*WORK REQUEST*:
Retype, without pictures, the line holding "Glæd jer til" and each line below it through the final line.

*RECORDED DATA*:
========================================

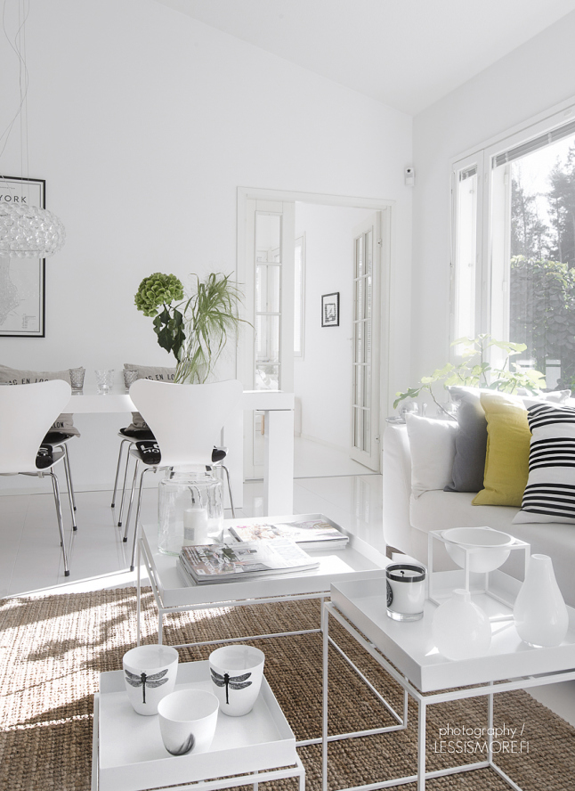 Basada en el blanco utiliza el contraste con el negro, y en algunos detalles como alfombras o muebles, el resto de la casa apuesta por la calidez de la madera y el uso de neutros
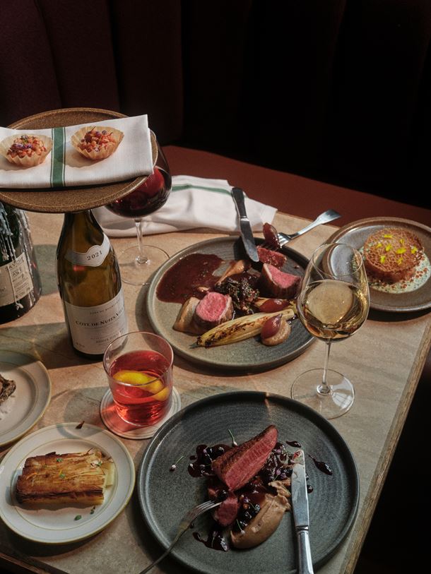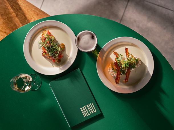 Glæd jer til tre serveringer fyldt med danske klassikere som friteret rødspætte, julemedister, confiteret andelår, sild og meget mere. Som kronen på værket afsluttes frokosten med den franske klassiker clafoutis med kirsebær og mandler.
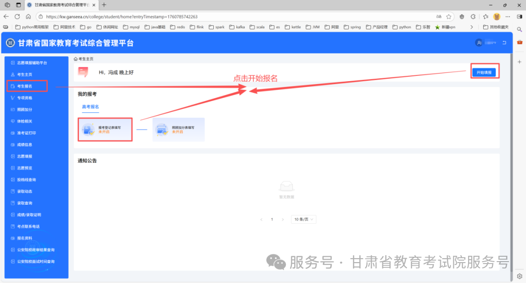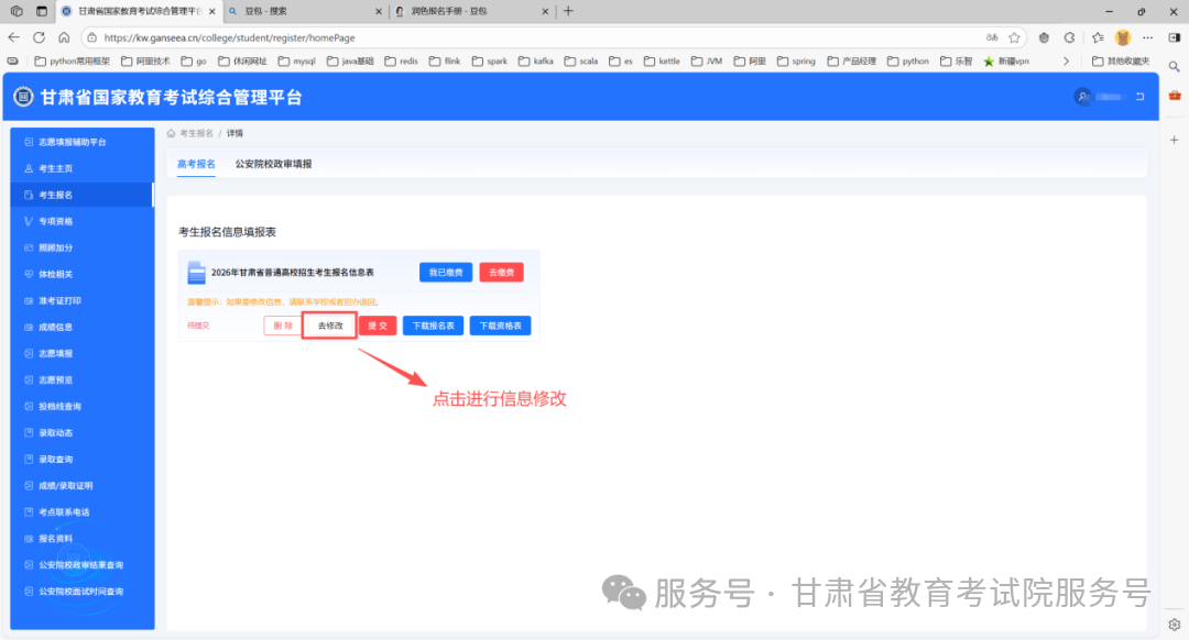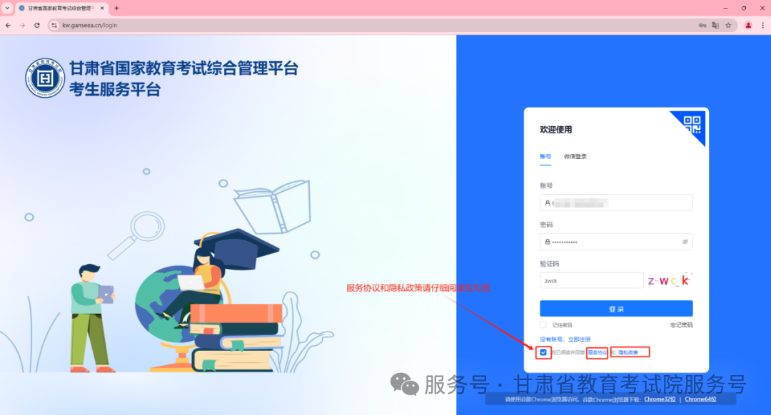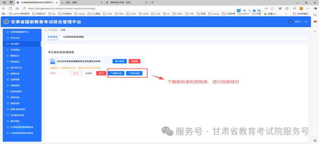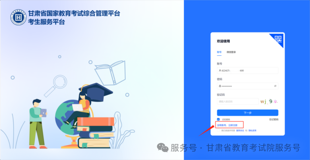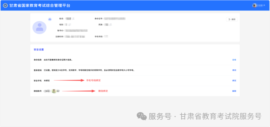 进入注册页面之后,根据页面提示进行注册信息填写,同时点击 “绑定微信账号”,先通过微信扫码关注 “甘肃省教育考试院” 微信公众号,再扫码完成微信账号绑定。后续部分高考相关通知将通过该公众号发送,且部分业务需绑定微信扫码操作。

========================================

*TASK RESPONSE*:
 Glæd jer til tre serveringer fyldt med danske klassikere som friteret rødspætte, julemedister, confiteret andelår, sild og meget mere. Som kronen på værket afsluttes frokosten med den franske klassiker clafoutis med kirsebær og mandler.
 进入注册页面之后,根据页面提示进行注册信息填写,同时点击 “绑定微信账号”,先通过微信扫码关注 “甘肃省教育考试院” 微信公众号,再扫码完成微信账号绑定。后续部分高考相关通知将通过该公众号发送,且部分业务需绑定微信扫码操作。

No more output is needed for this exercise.